Major McCrory standing in the doorway leading to the hole where he slept for three months as he waited in Rome for the Allies to move through. On June 5, 1944, he was freed.

Our mission was to knock out a railroad bridge near the little town of Orte, Italy, about eighty miles north of Rome, on January 16, 1944.

As the Lead Aircraft we had eight crew members aboard: I was Flight Commander; pilot was 1st Lt. Joseph A. Green; co-pilot, 1st Lt. John B. Stewart; navigator, 2nd Lt. L.W. McDaniel, Jr.; bombardier, 1st Lt. James Banaiki; flight engineer, S/Sgt. H.W. DeLisle; radio operator, S/Sgt. William J. Gardner; and, gunner, S/Sgt. William A. Harrison.

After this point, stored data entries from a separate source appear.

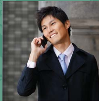
VIAJES DE NEGOCIOS
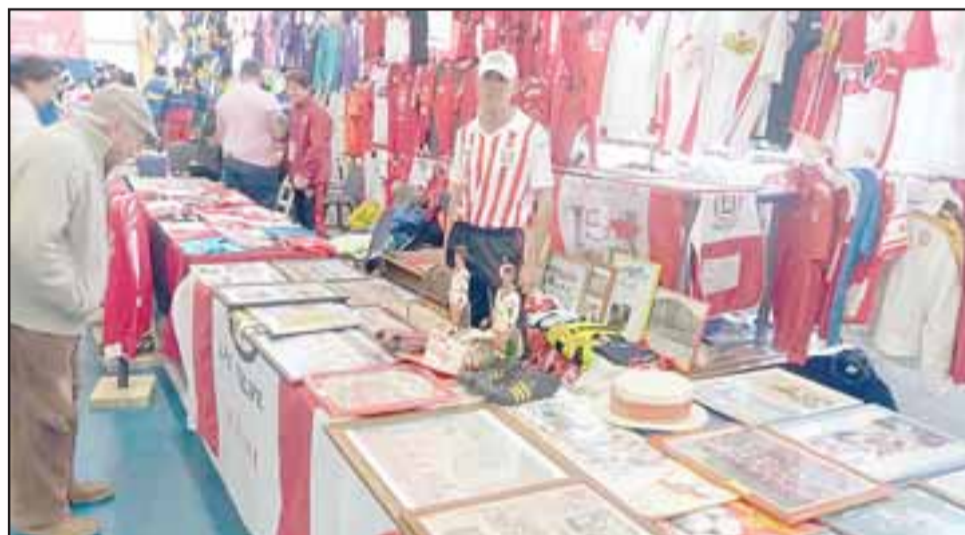
Acá lo vemos durante el encuentro junto a su colección de Unión San Felipe.
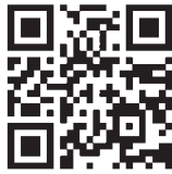
▲キャンペーン公式ホームページ
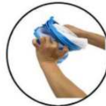
Stap 6: Vouw in een cirkel
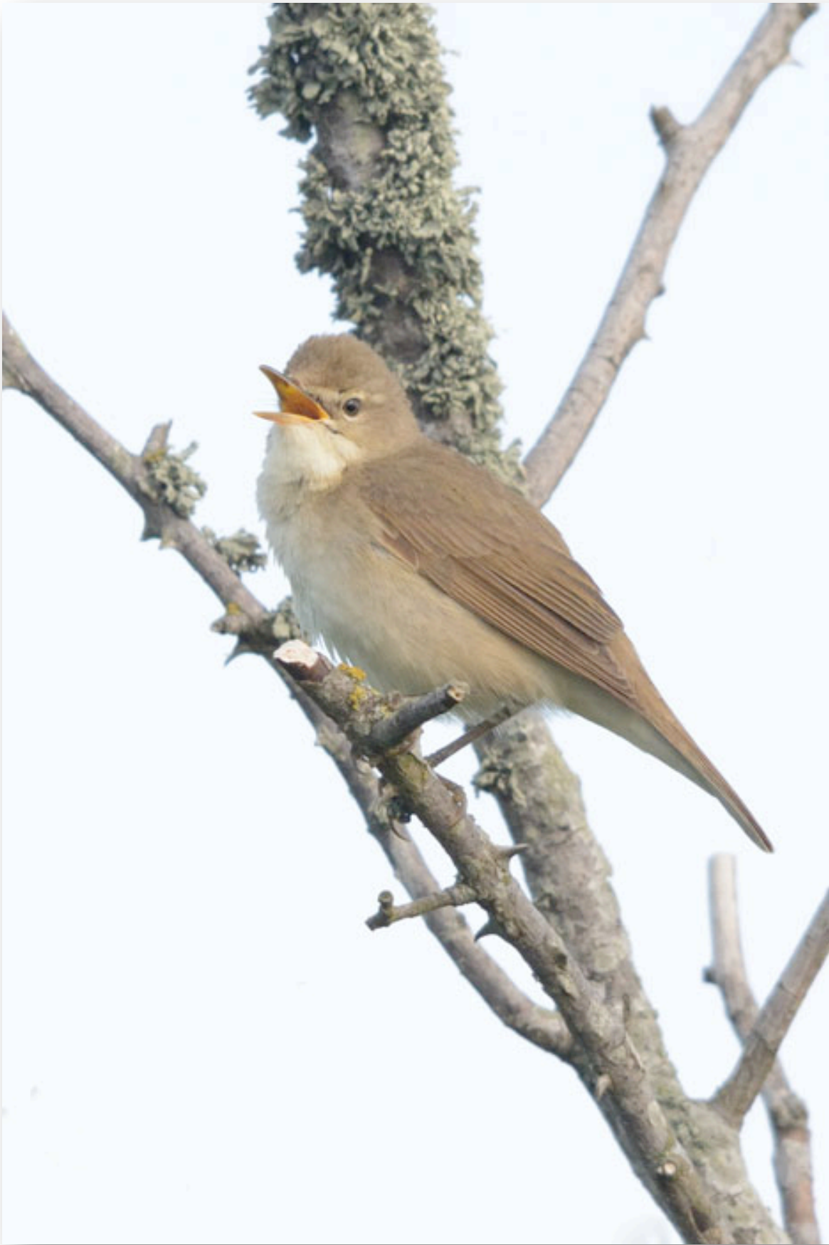
Busksångaren som "höll hov" nere i Rivethagen under flera vårmorgnar.
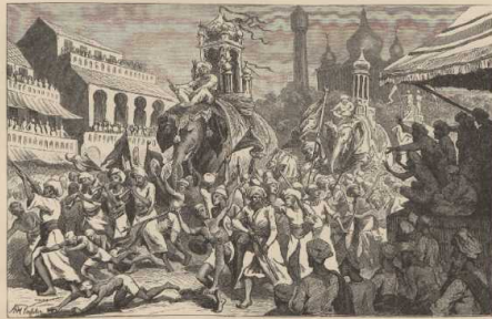
i. Großer Festzug der Mahaschnher in Bhopal, Centralindien.
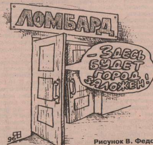
Рисунок В. Федорова.
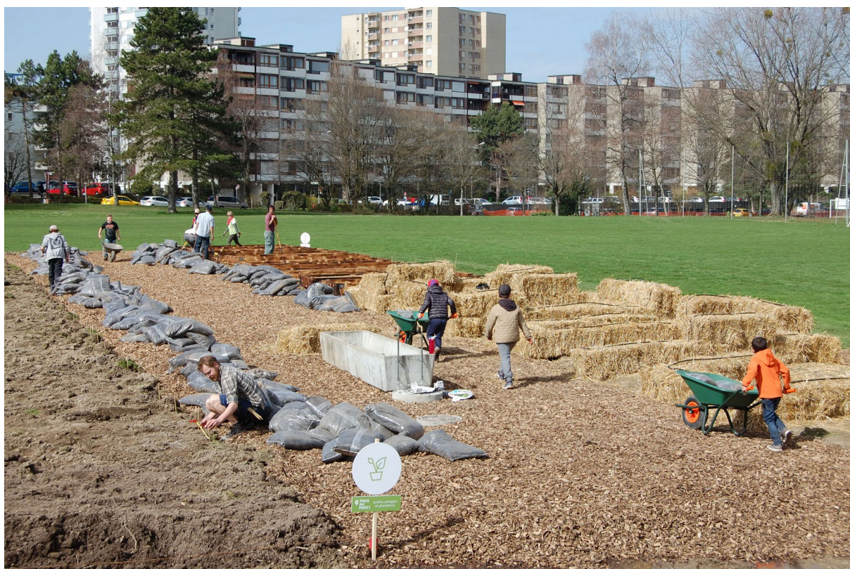
Photo : Chantiers ouverts pour la réalisation du Parc du Loup, avril 2018
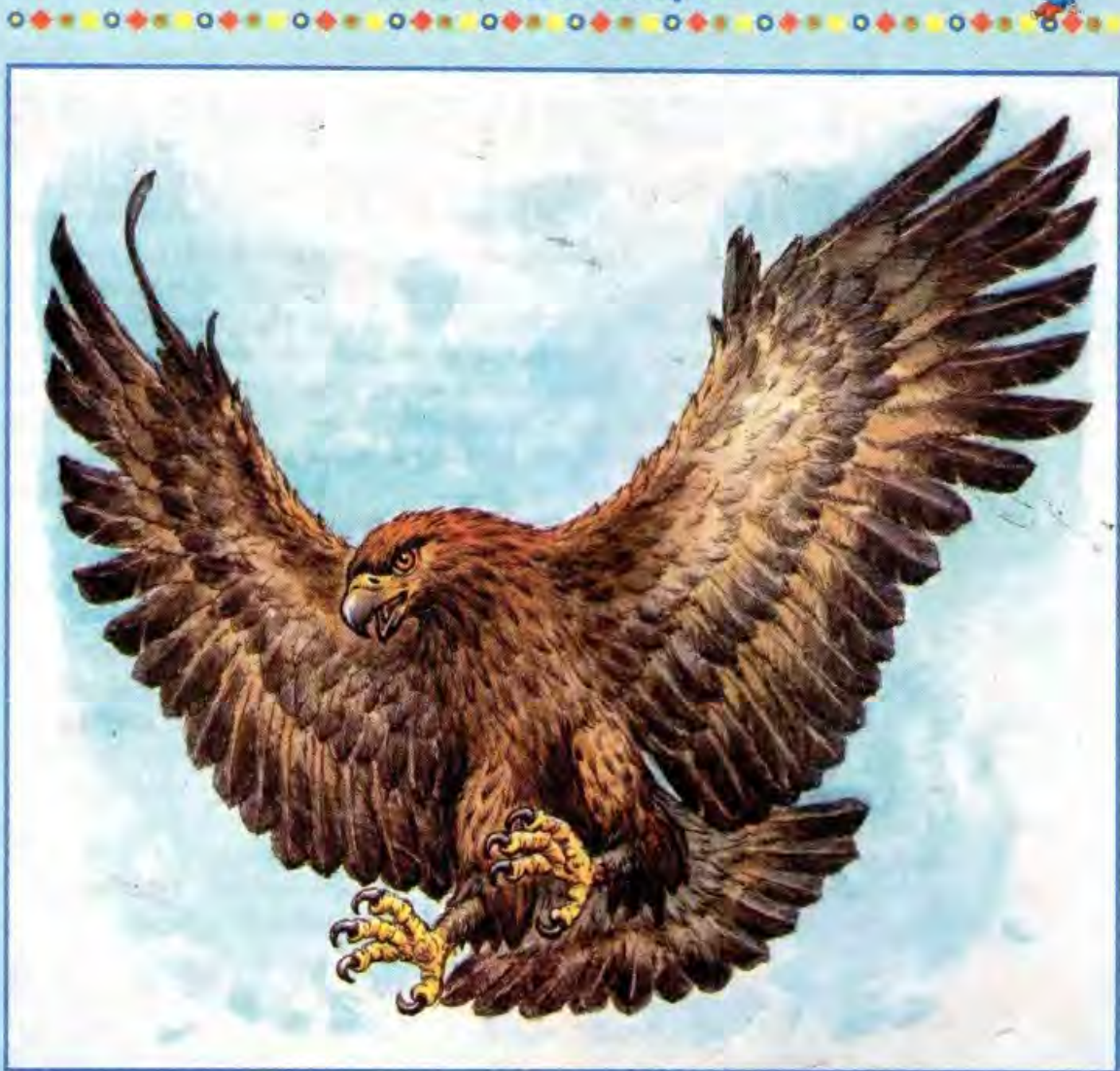
Рисунок Игоря ГОНЧАРУКА

Беркут — самый крупный орёл. Этот хищник обитает в северном полушарии Земли, и встретить его можно главным образом в горах. Больше всего от него достаётся зайцам и грызунам — именно они основная добыча беркута. Благодаря очень острому зрению такой орёл может в светлое время суток разглядеть свой будущий обед с расстояния в два километра. Поэтому люди с древности и до наших дней используют этих пернатых хищников для охоты. Интересно, что индейцы считали беркута священной птицей и во многих магических обрядах использовали его перья. В Средние века беркута изображали на различных гербах и флагах, чтобы подчеркнуть гордость и величие города или страны. Сегодня беркут — редкая птица, занесённая в Красную книгу России. Во всех странах, где он обитает, беркут находится под охраной государства.

We were at 9,000 feet, had the target in sight, and were level on the bomb run when we were hit by a burst of flak. The right engine was knocked out, a fuel tank ruptured, and we caught fire. No question If we should jump, the problem was how quickly could we all get out!

I bailed out the hatch and as I came down I counted only six other parachutes before the aircraft exploded in mid-air. I assumed that the pilot Lt. Green didn't get out.

When I landed I hid for a while, trying to compose myself and get it all together. I realized that I had to have help so I approached an old man that I'd spotted beating the bushes looking for us. To my surprise he spoke perfect English and seemed to be friendly. As I talked with him, Sgt. Gardner and Sgt. DeLisle walked up and joined us.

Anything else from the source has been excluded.